- _WHAT IS REQUIRED_
Return the listing below unchanged, minus its pictures.

- _DATASET SECTION_
Start of Block

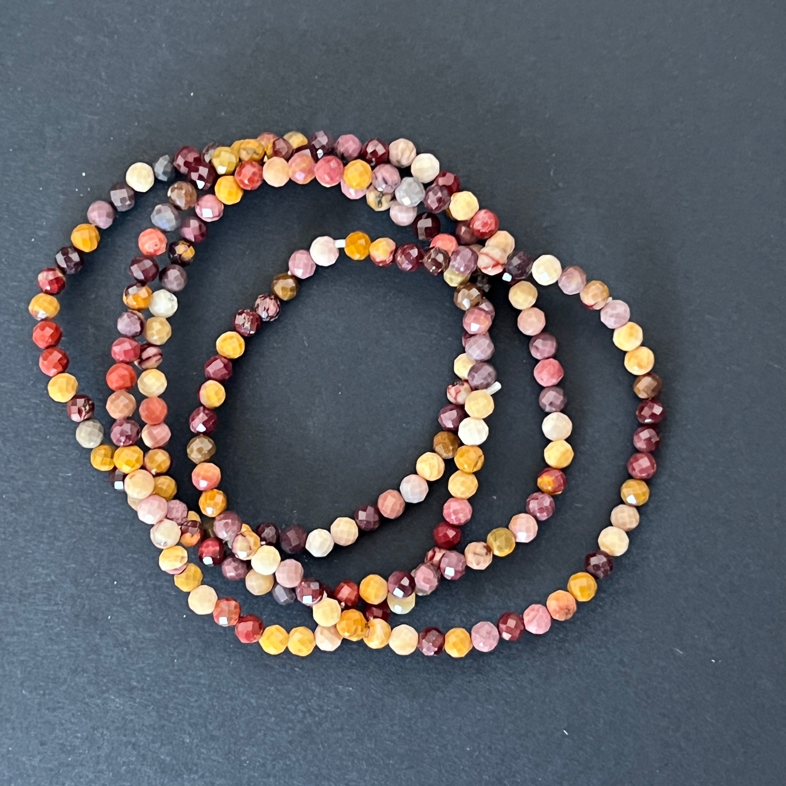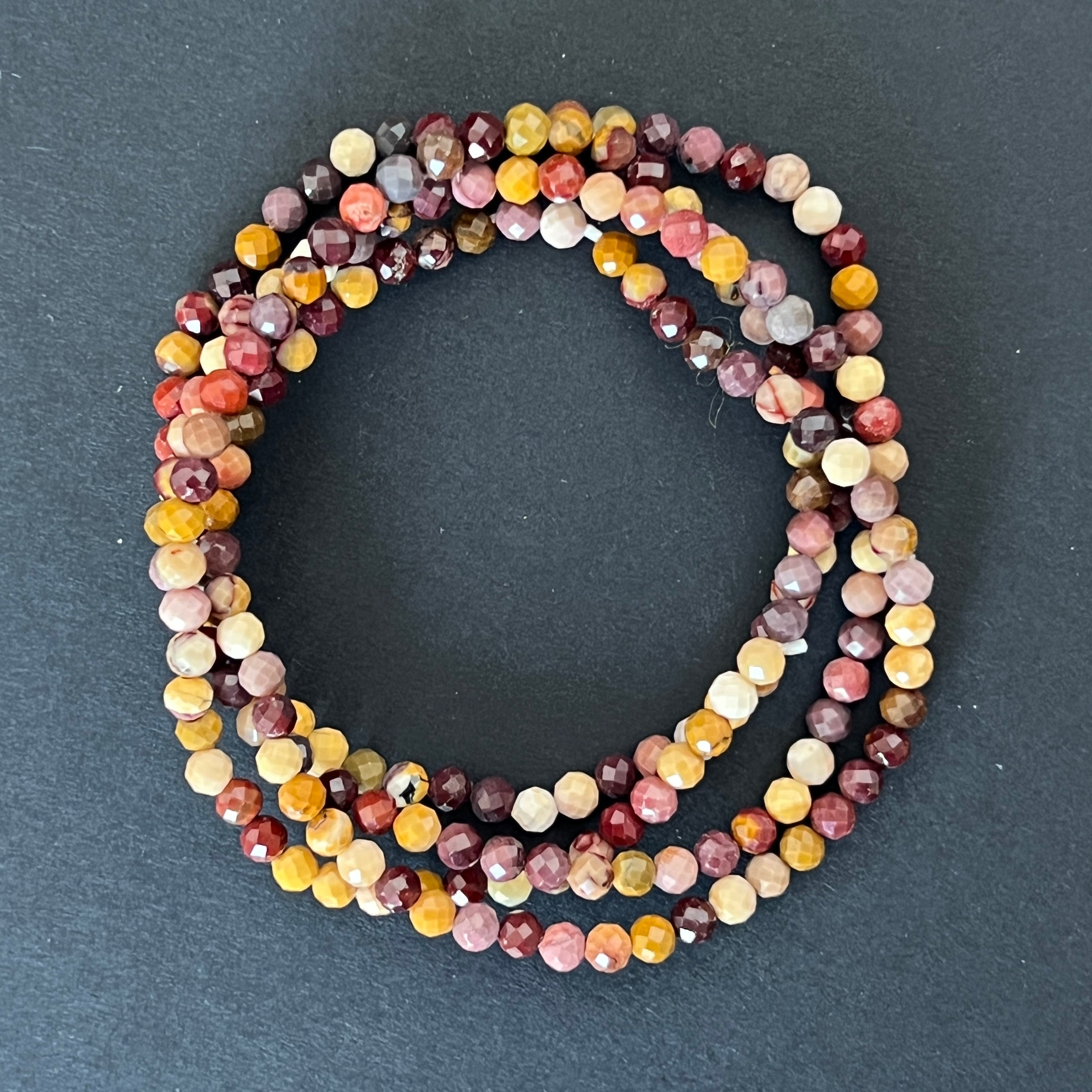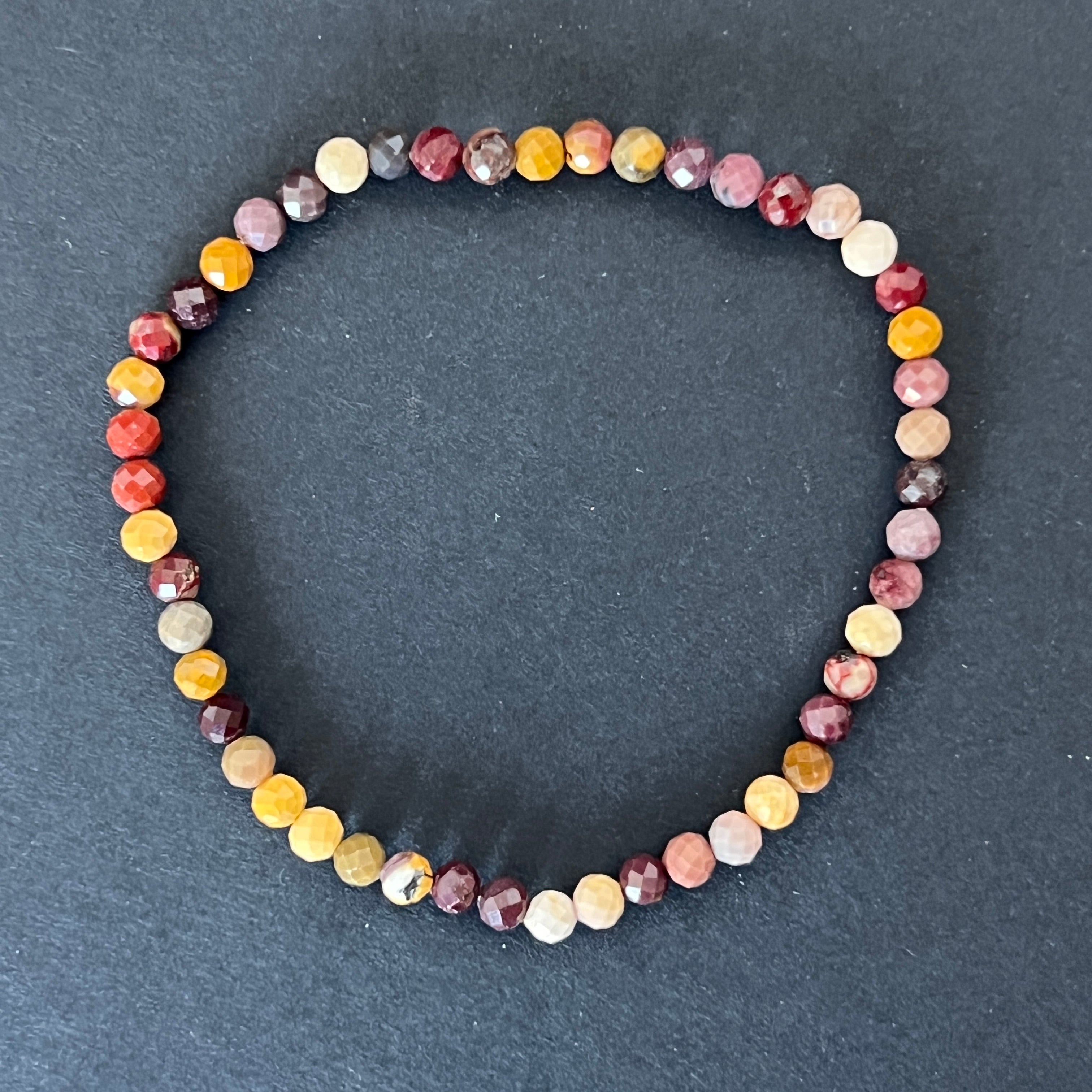 Тази фасетирана гривна от мукаит, съставена от мъниста с размер 4 мм, е деликатно бижу, но пълно с цвят и жизненост. Фасетните отражения подчертават естествената красота на мукаита, австралийски камък, известен с разнообразната си палитра от земни и слънчеви нюанси.
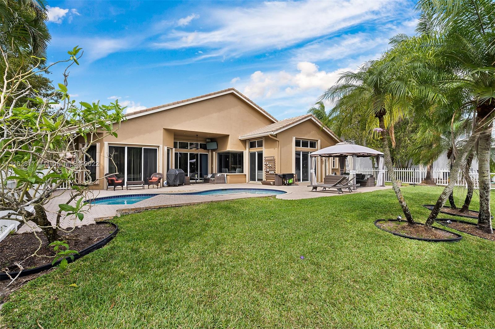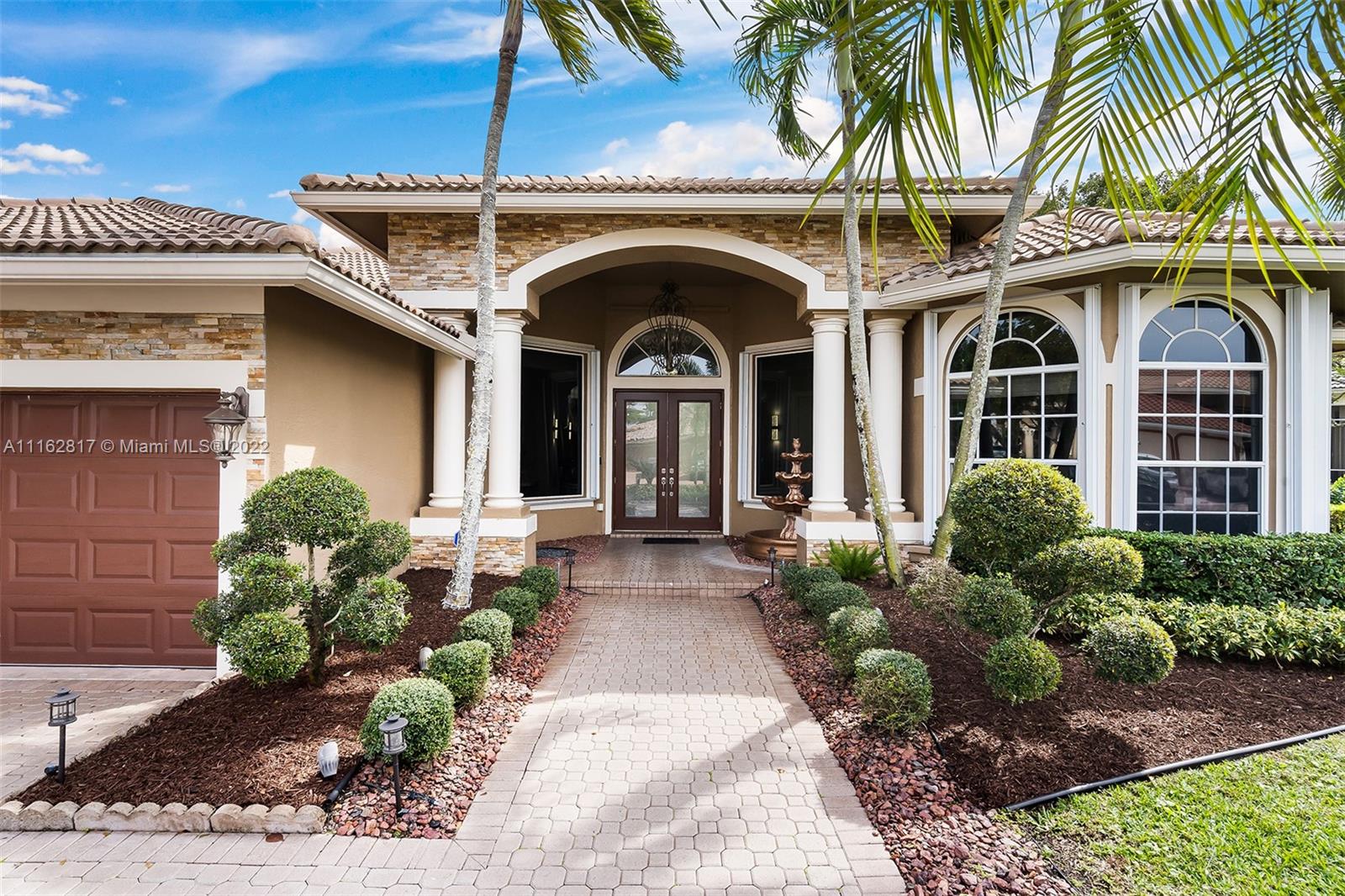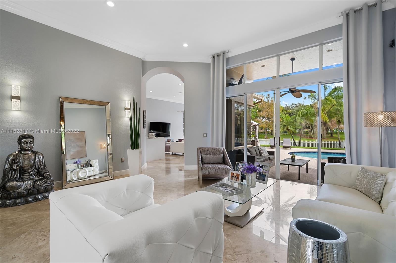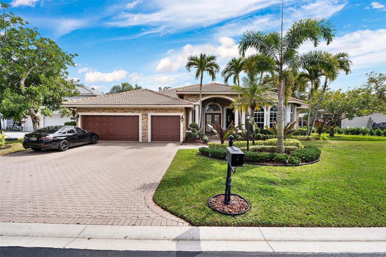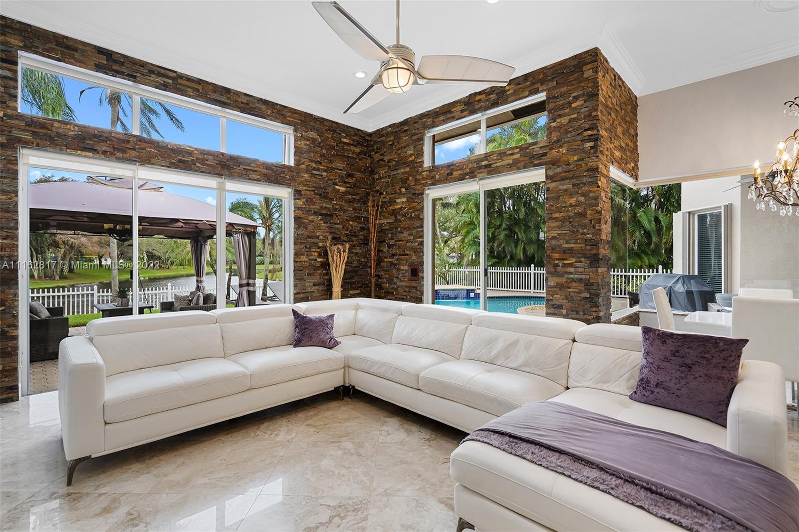 This is the one! Walk up to the covered grand entrance and open the doors to this stunning 5 bedroom, 4 bath waterfront pool home in Meadow Run on over 1/3-acre lot on cul-de-sac street. Marble floors throughout living areas, large master suite with beautiful bamboo floors and his and her walk-in closets, amazing updated white custom kitchen with quartz countertops, accordion shutters. Large patio area perfect for entertaining. Enjoy the serene water and park views from the master suite, living areas and kitchen. Meadow Run is a guard gated community, centrally located, close to shopping and major highways, top rated Parkland schools. See this beautiful home before it's gone!
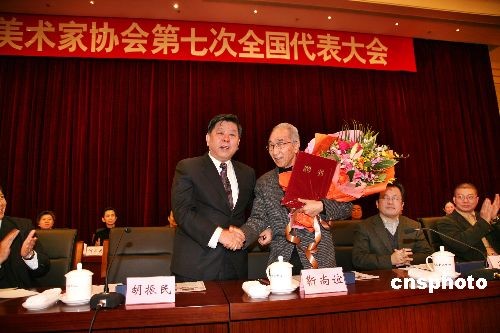 中國(guó)文聯(lián)黨組書(shū)記、副主席胡振民給新當(dāng)選的中國(guó)美協(xié)榮譽(yù)主席靳尚誼頒發(fā)聘書(shū)。中新社發(fā) 王保勝 攝
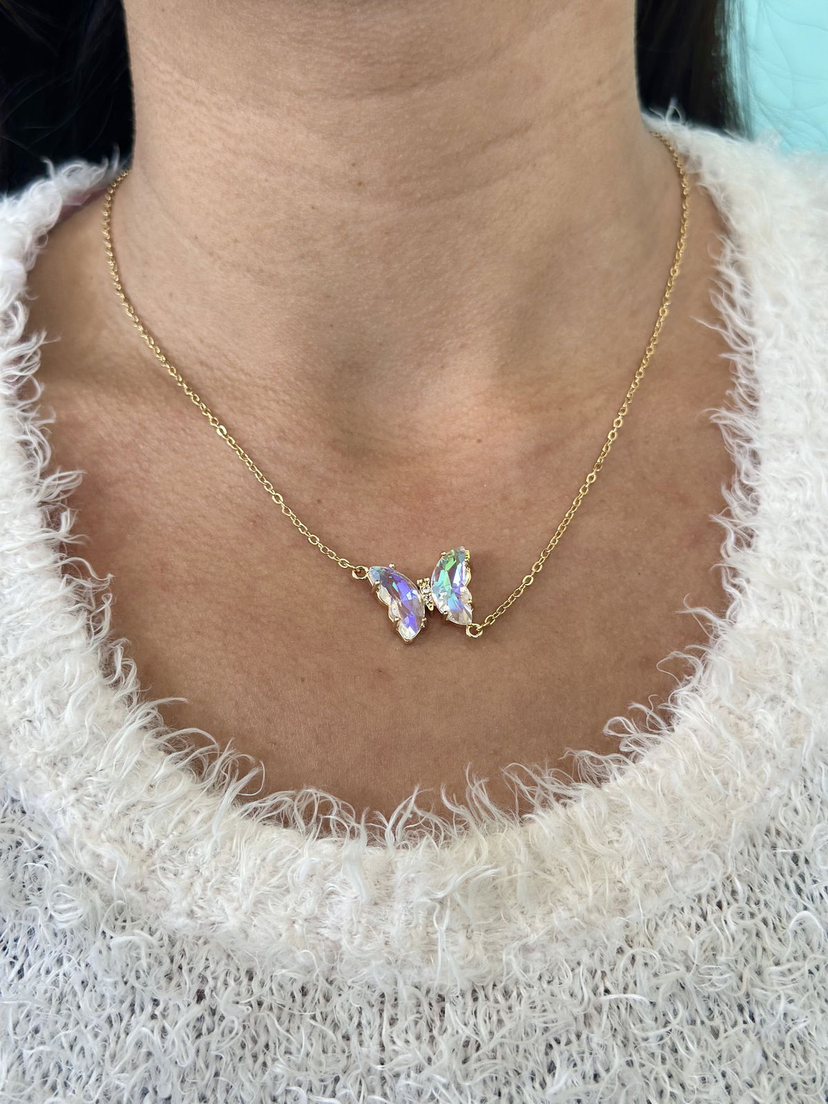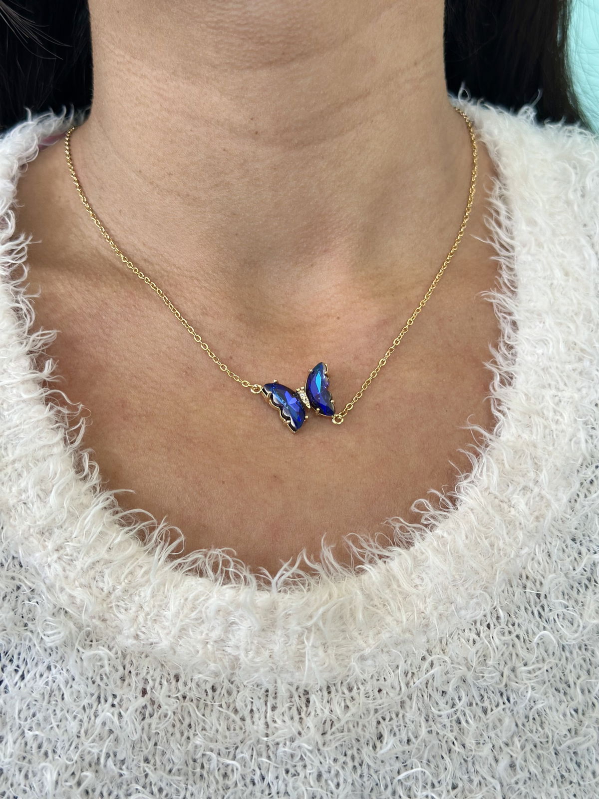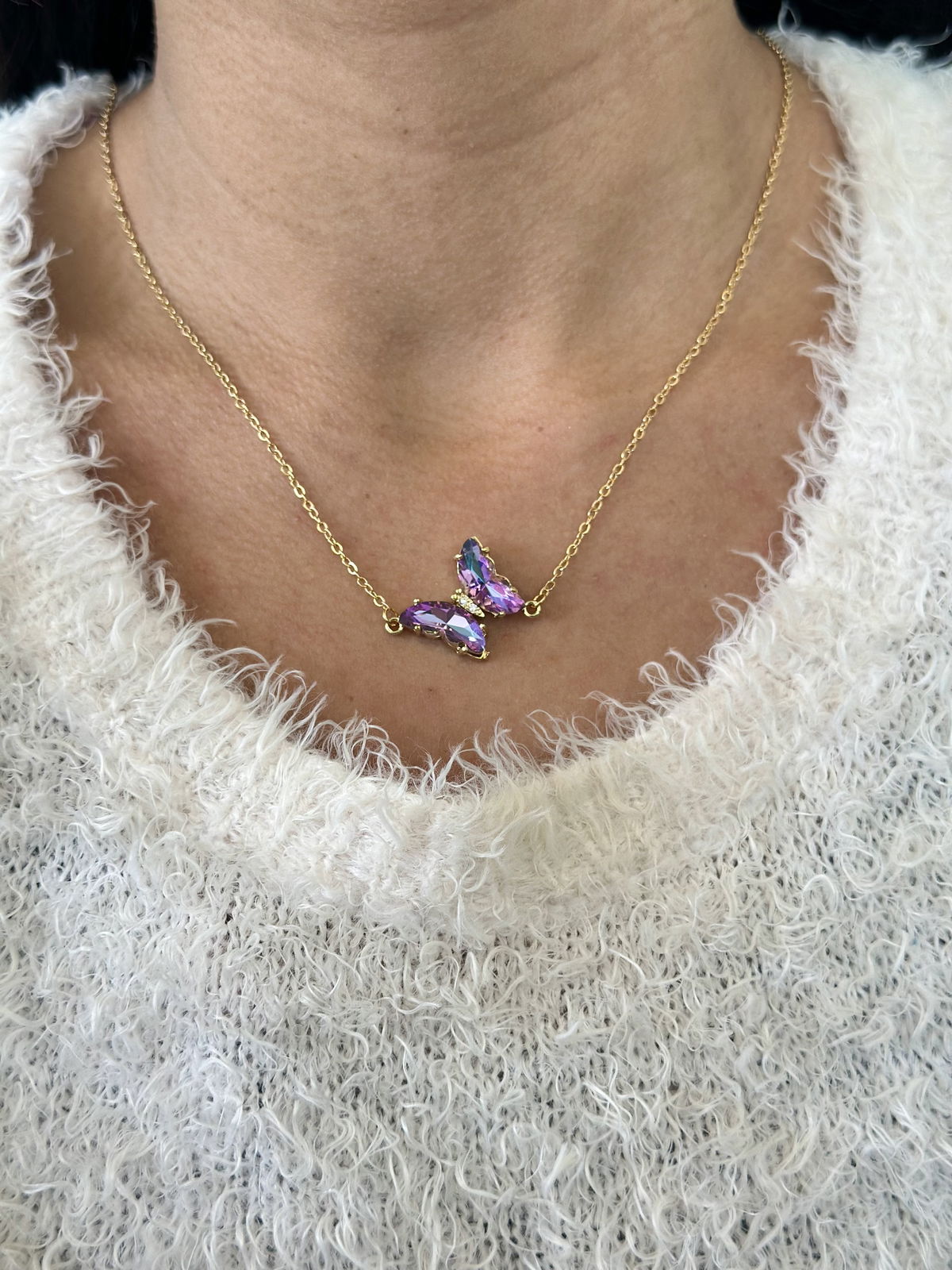 Collar 48cm acero dorado con dije mariposa.

End of Block

- _REPLY TO THE EXERCISE_
 Тази фасетирана гривна от мукаит, съставена от мъниста с размер 4 мм, е деликатно бижу, но пълно с цвят и жизненост. Фасетните отражения подчертават естествената красота на мукаита, австралийски камък, известен с разнообразната си палитра от земни и слънчеви нюанси.
 This is the one! Walk up to the covered grand entrance and open the doors to this stunning 5 bedroom, 4 bath waterfront pool home in Meadow Run on over 1/3-acre lot on cul-de-sac street. Marble floors throughout living areas, large master suite with beautiful bamboo floors and his and her walk-in closets, amazing updated white custom kitchen with quartz countertops, accordion shutters. Large patio area perfect for entertaining. Enjoy the serene water and park views from the master suite, living areas and kitchen. Meadow Run is a guard gated community, centrally located, close to shopping and major highways, top rated Parkland schools. See this beautiful home before it's gone!
 中國(guó)文聯(lián)黨組書(shū)記、副主席胡振民給新當(dāng)選的中國(guó)美協(xié)榮譽(yù)主席靳尚誼頒發(fā)聘書(shū)。中新社發(fā) 王保勝 攝
 Collar 48cm acero dorado con dije mariposa.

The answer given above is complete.